La gestion en séance a également été politiquement et médiatiquement excellente. Elle a permis de faire monter la sauce médiatique sur l’interdiction de la corrida, sujet ô combien clivant (donc médiatiquement visible) et qui permet de caresser dans le sens du poil les électeurs LFI (plutôt végans qu’aficionados). J’ai rarement vu une opération aussi bien menée pour occuper l’espace médiatique sur un texte qui n’a strictement aucune chance de prospérer. Le dosage était même parfait, puisque le texte a été évoqué en séance, mais sans cramer trop de temps (la denrée réellement rare au Parlement). Et cerise sur le gâteau, le retrait de cette proposition de loi a laissé du temps pour une autre proposition, celle sur la réintégration des soignants non vaccinés, autrement plus gênante pour la majorité, car ayant des chances réelles d’être adoptée. Le gouvernement a réussi à s’en sortir, au prix d’une obstruction peu glorieuse (et donc politiquement couteuse).
La journée parlementaire LFI se traduit donc par une série de victoires tactiques : LFI grille la politesse à Renaissance (qui a été beau joueur sur ce coup) sur l’inscription du droit à l’avortement dans la constitution, provoque une belle agitation médiatique sur l’abolition de corrida, et un grand moment de gêne du gouvernement sur les soignants non vaccinés.
Mais cela ne reste qu’une série de victoires tactiques. En 1814, Napoléon a remporté plein de petites batailles contre ses adversaires. Cela ne les a pas empêchés d’entrer dans Paris et de l’envoyer à l’ile d’Elbe.
La vie politique française ne se joue plus dans l’hémicycle de l’Assemblée. Les groupes politiques ont beau essayer de surjouer leurs petites victoires ou leurs esquives, ça ne prend plus. Globalement, les français sont majoritairement indifférents à ce qui se passe au jour le jour, au Palais-Bourbon. Et ils ont raison !
Cela devrait amener les groupes politiques à avoir une réflexion sur la bonne utilisation de la tribune de l’Assemblée. Parfois, c’est important, voire capital, de ne pas rater l’occasion de faire trébucher le gouvernement. Parfois, c’est une perte de temps (et d’énergie) de s’acharner. Au moment où j’écris ces lignes, se déroule un débat sur une motion de censure, déposée par LFI, après le énième 49.3 utilisé par le gouvernement sur le PLFSS.

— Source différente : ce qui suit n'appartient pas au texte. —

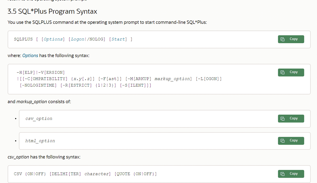 For the SQL*Plus demo, you’ll notice that I had to nominate the markup settings, and also tweaked some SQL*Plus settings a little to get the best query fetch performance. If this all seems too complicated, then here’s a shortcut for you. When you start SQL*Plus, if you know that the purpose of running this SQL*Plus session is to unload some data, you can nominate the MARKUP options right there on the command line at startup.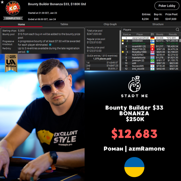 Топом декады команды StartME определенно и безоговорочно становится Роман | azmRamone благодаря дележке на финальном столе и ТОП 3 в турнире Bounty Builder Bonanza $33 на Poker Stars Роман отыграл 198 турниров, лучший занос — это дележка и третье место, а его общий профит за декаду составил 12.712$
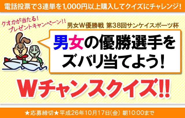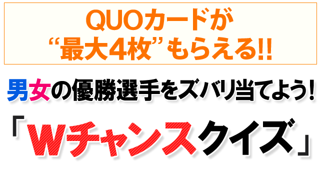 男女の優勝選手を当ててQUOカードをゲットしよう!「Wチャンスクイズ」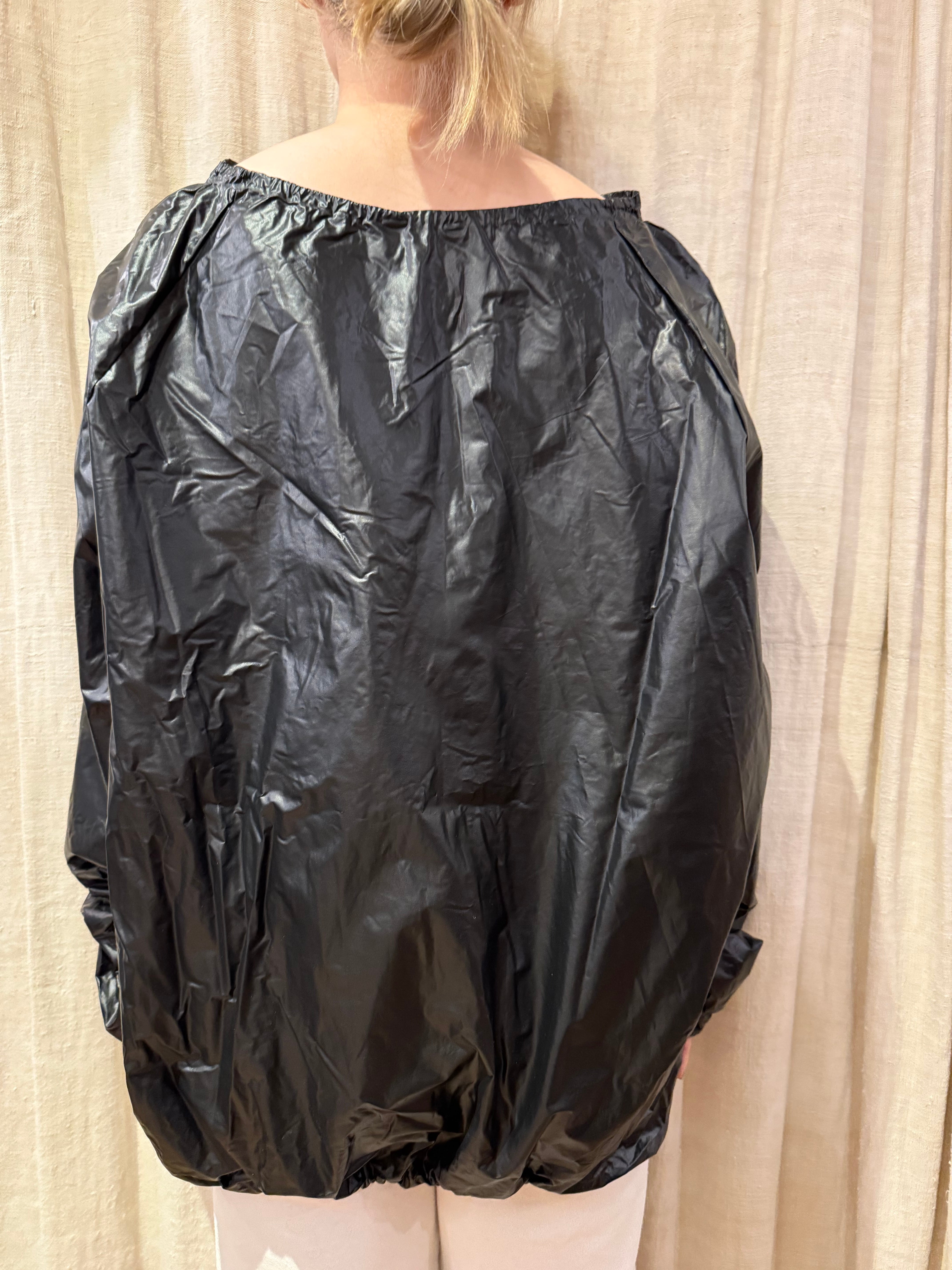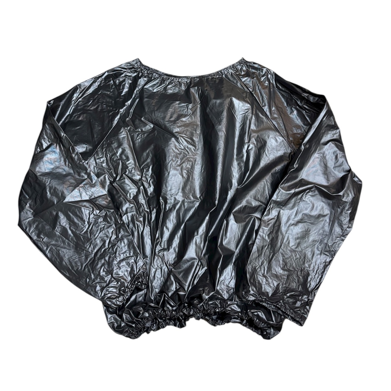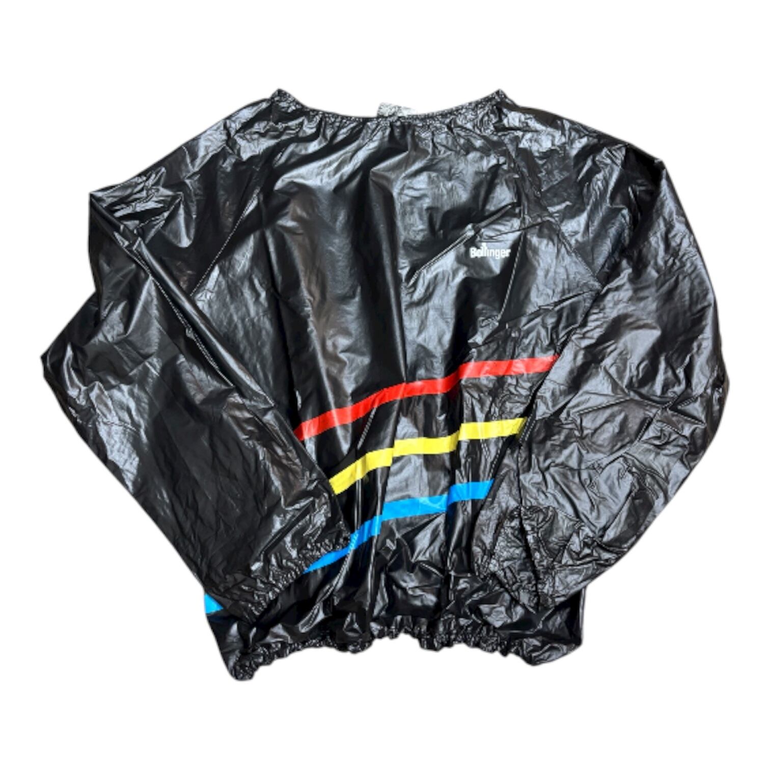 ビニール素材のプルオーバーで、存在感があります。前のウエストあたりに入っている赤・黄・青のラインが、他アイテムと合わせた時にビニールの異質感との調和を取ってくれる気がします。中もしっかり着込める大きめのサイズ感です。

L’impact politique de ce débat, un vendredi soir entre 21h30 et 23h est à peu près nul, et son issue est courue d’avance : il n’y aura pas 289 députés présents pour la voter. Médiatiquement, elle passera inaperçue, car on va surtout y entendre la répétition d’arguments et d’éléments de langage déjà entendus. En revanche, elle a un coût, pour l’ensemble des personnes (parlementaires, fonctionnaires, journalistes, et les quelques citoyens devant leur écran d’ordinateur) qui crament leur vendredi soir à suivre ce triste spectacle.
Oui, l’hémicycle peut être une chambre d’écho politique formidable, à condition de savoir l’utiliser à bon escient. Les oppositions (en particulier LFI) ne semblent pas encore l’avoir compris et c’est problématique pour le bon fonctionnement de la démocratie représentative. En usant et abusant de la ficelle parlementaire, on dévalorise l’institution, qui n’en a franchement pas besoin.
Quoi qu’ils en disent, la gauche n’a pas gagné les élections, et depuis 6 mois, même avec une majorité relative, le gouvernement Borne arrive, globalement, à gouverner et faire passer ses textes. Il serait temps pour les oppositions d’en prendre acte, et de passer à d’autres formes d’actions politiques, moins nocives pour la démocratie représentative.